Unknown-4Let me just start out here by saying that this sort of book isn’t usually my cup of tea. It has elements of all sorts of things I don’t go for: fantasy, paranormal, and for god’s sake, it even had HANDSOME WEREWOLVES.

But I really, really ended up liking this book. Thanks to Malin, who reviewed it for CBR5, when I saw it at the library I decided to give it a go.  It took me about 100 pages to get into it, and up until that point I kept wondering if maybe I should just put it aside and move on to the next book in the constantly growing TBR pile. And then…something just clicked for me. And by the end, I was disappointed that I didn’t have more to read, and googling the author to find out when the next book was coming out.

Quick overview: Meg is a runaway looking for protection from a mysterious someone who is trying to return her back to where she came from. She finds shelter in the local “courtyard” — a section of each city set aside for the Others (werewolves, vampires, shapeshifters, and all kinds of other spirits who were the original settlers of the earth, way before humans). In the town of Lakeside, the Others are making a bit of an effort to live alongside the humans. The Others run businesses (like a cute book store and cafe combo, I would totally go there if I lived in Lakeside), hire human employees, and try really hard not to eat their customers.

Meg stumbles into the courtyard and sees a Help Wanted sign in the bookstore window. The courtyard is looking for a Human Liaison to the Others — someone to sort their mail, accept all of their deliveries, and get packages where they need to go inside the gates.

Oh, and it turns out that Meg isn’t your typical human. She is a blood prophet (i.e., she has visions of the future when she is cut) and is worth unknown sums of money to her owners. That’s why there’s a huge manhunt underway for her.

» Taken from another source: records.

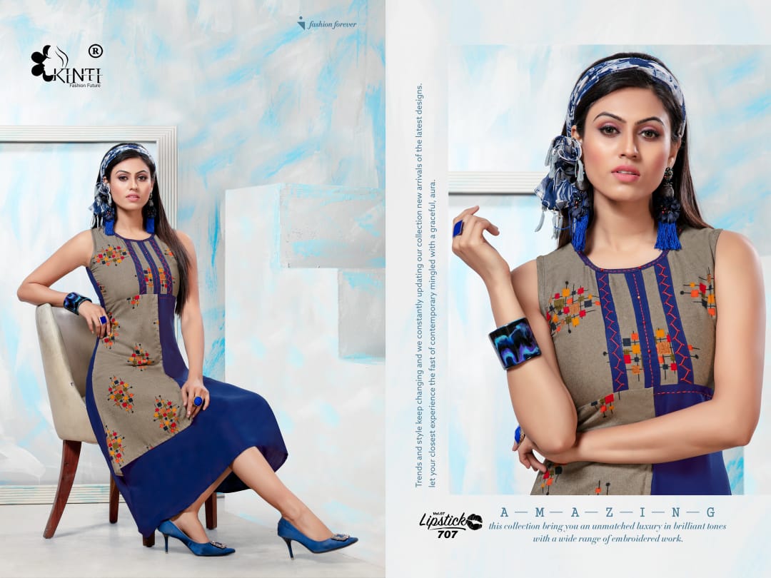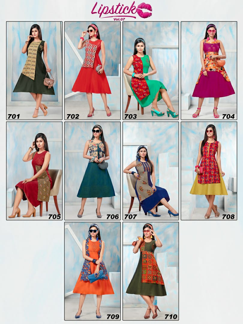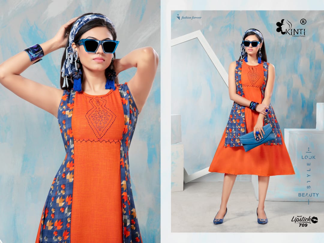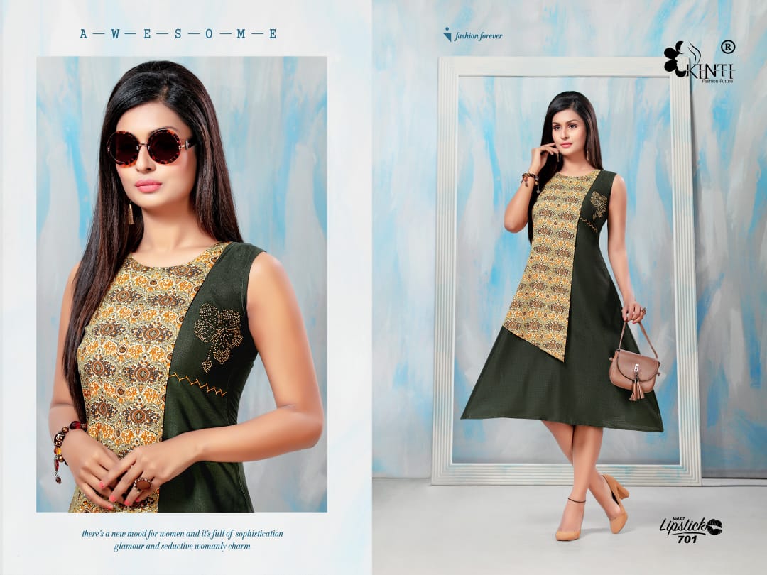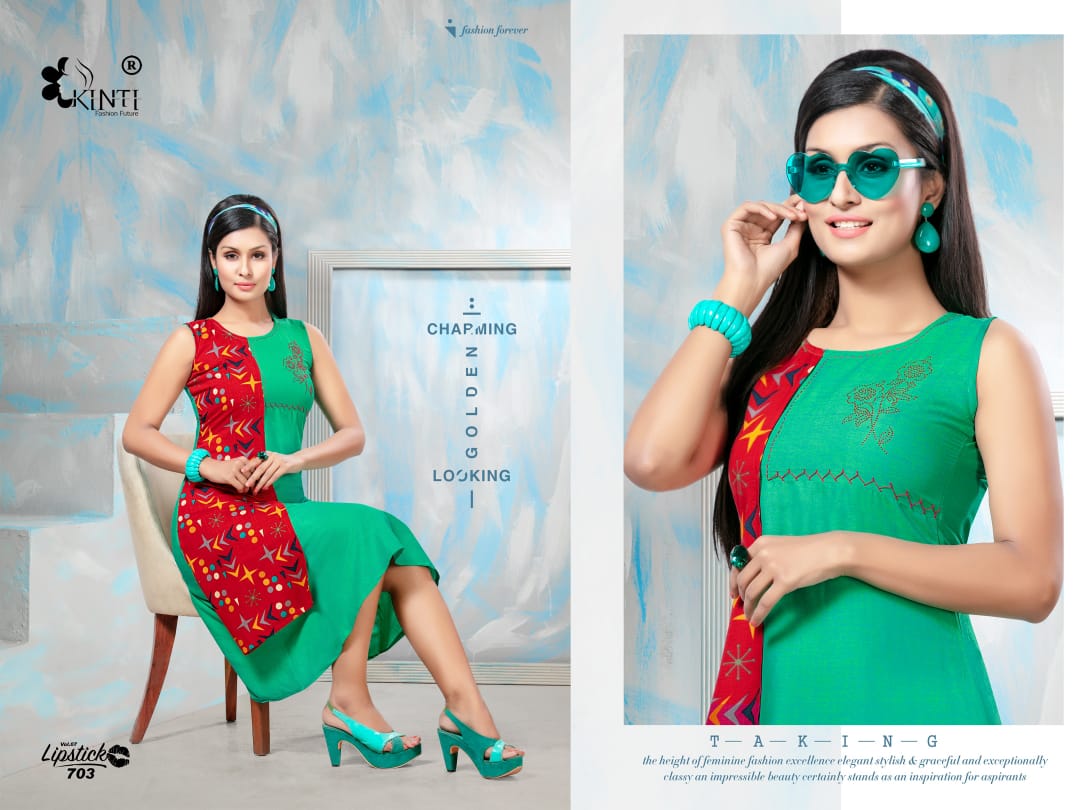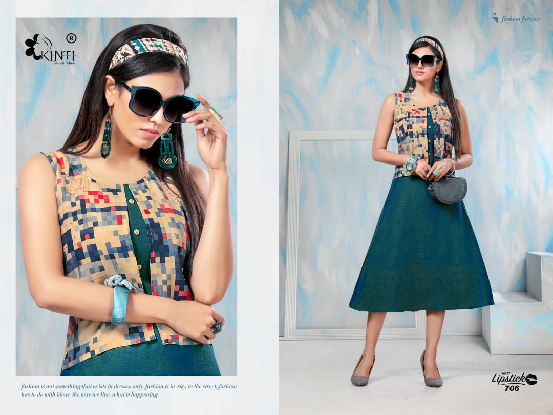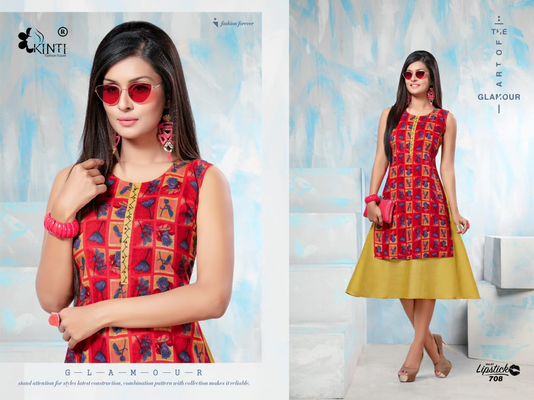 LIPSTICK 7 By KINTI ® Fabric. : Reyon Print and Two tone Rayon Style. : Mix N Match Stiching Patterns Double Layer Lenght. : 45(approx) Sleeves : Short Sleeves Inside Sizes : S M L XL 2XL 3XL Designs : 10 Rate :- 360 + GST |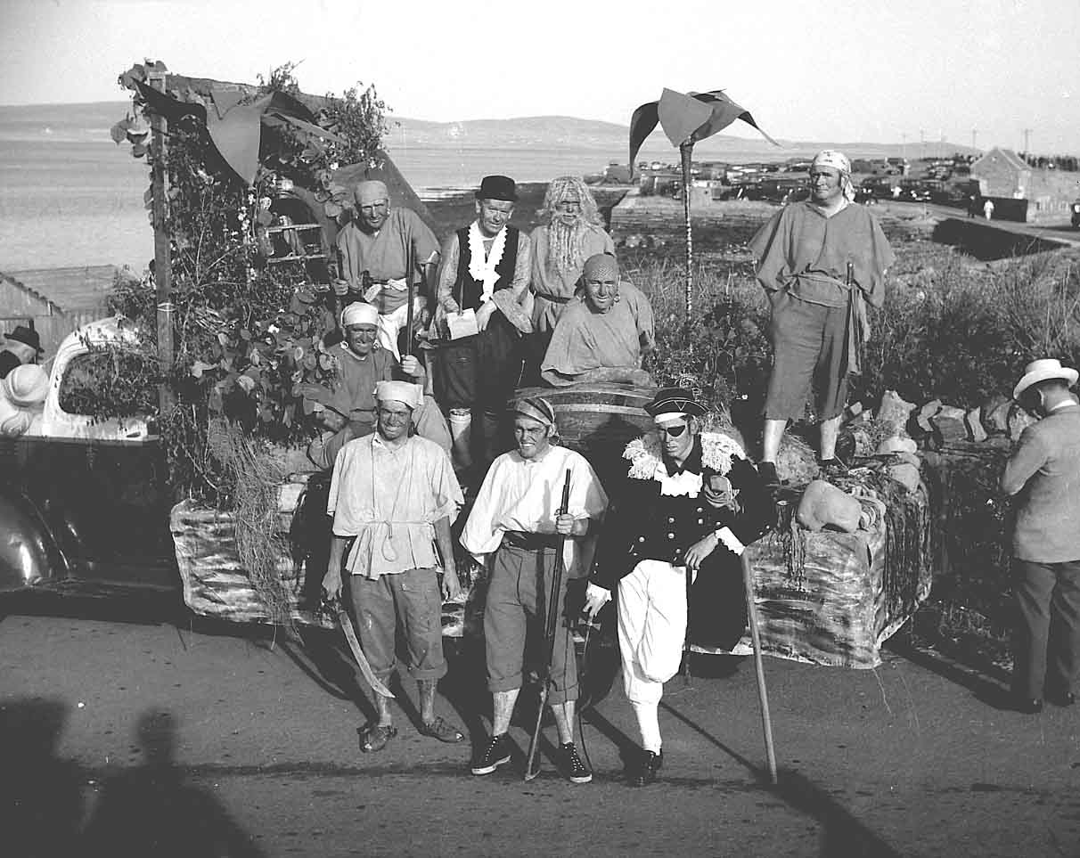 Entrants in a Stromness Shopping Week parade, 'Treasure Island', 1955.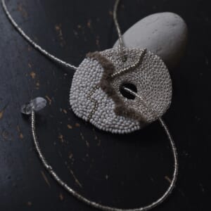 一見ドーナツに見える首飾り。モチーフは石から着想を得ているのですが、身につける方に自由に想像を膨らませていただけたら嬉しいです。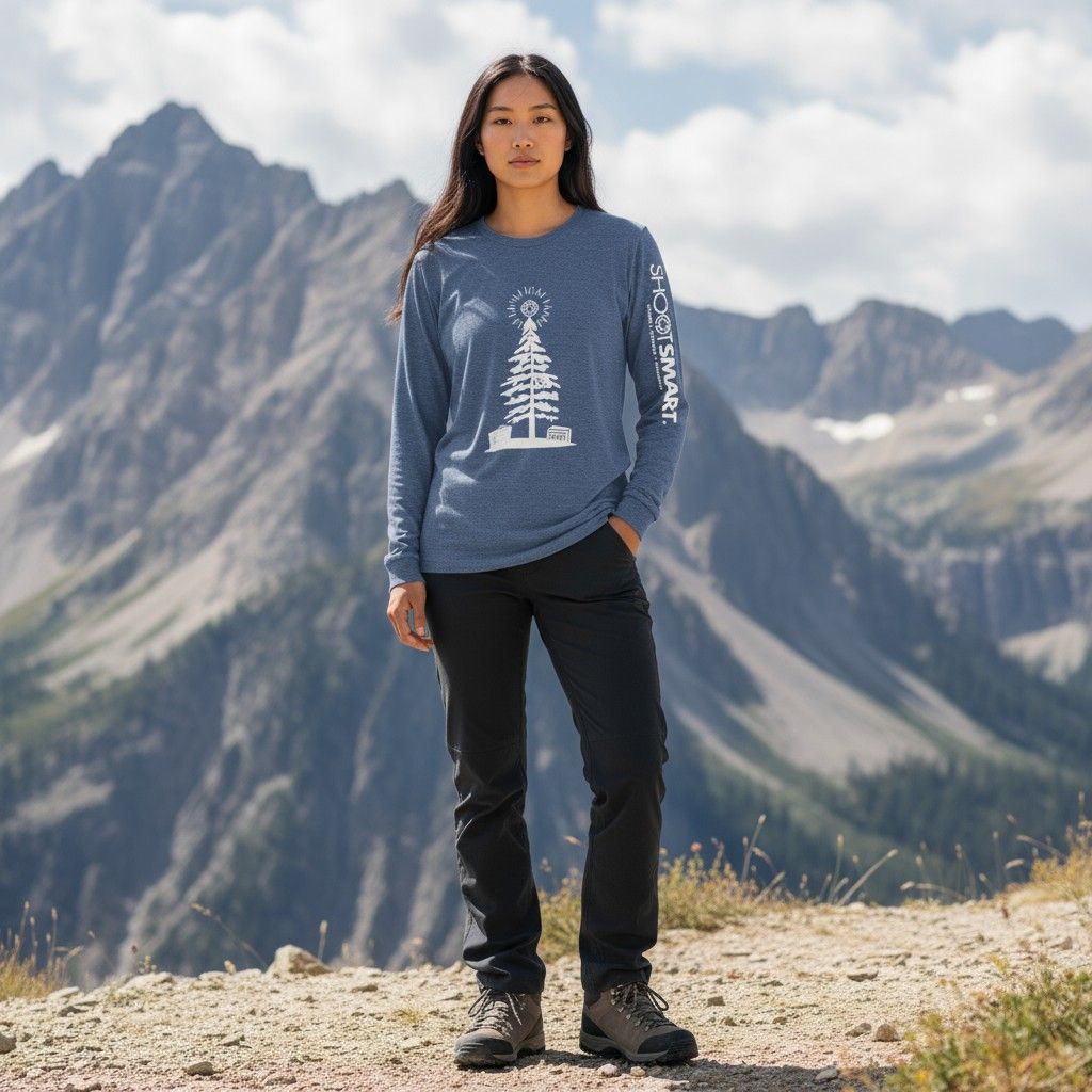 Celebrate the season in style with our Shoot Smart Christmas long-sleeve tee in heather blue! Comfortable, festive, and available in a variety of sizes at all locations.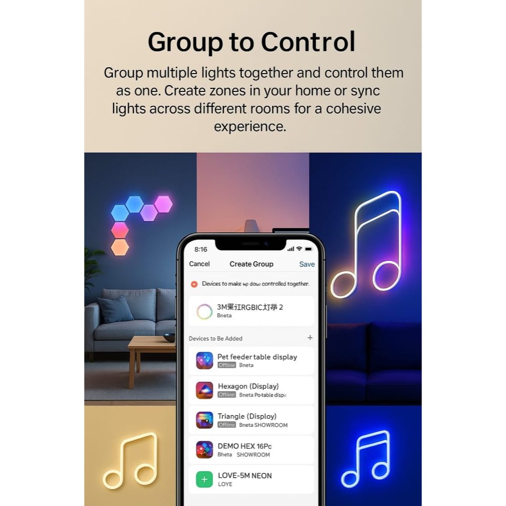 Group multiple lights together and control them as one. Create zones in your home or sync lights across different rooms for a cohesive experience.

But Meg charms the Others and falls under their protection. She particularly charms little Sam (a werewolf boy so traumatized by his mother’s death that he lives in a cage and won’t change back into a boy), and his uncle Simon, who runs the courtyard. Simon, who just so happens to be very handsome and temperamental. Simon, who has no need for humans. Simon, who inexplicably finds himself drawn to Meg, and suddenly becomes willing to risk everything for her.

I loved the weird little world that Anne Bishop created. Not quite our world, but similar enough to understand easily enough. I enjoyed the characters (especially the Others and their disgust with humans) and wanted to know more about them. And I particularly liked the lack of romance here (but I’m not so sure I’ll be able to say that about future volumes in this series). Everyone loved Meg for who she was and what she did, not for what she looked like.

I’ve looked over Anne Bishop’s other books and I’m not convinced that I’ll look into her other stuff, but I’ll continue with these books for sure.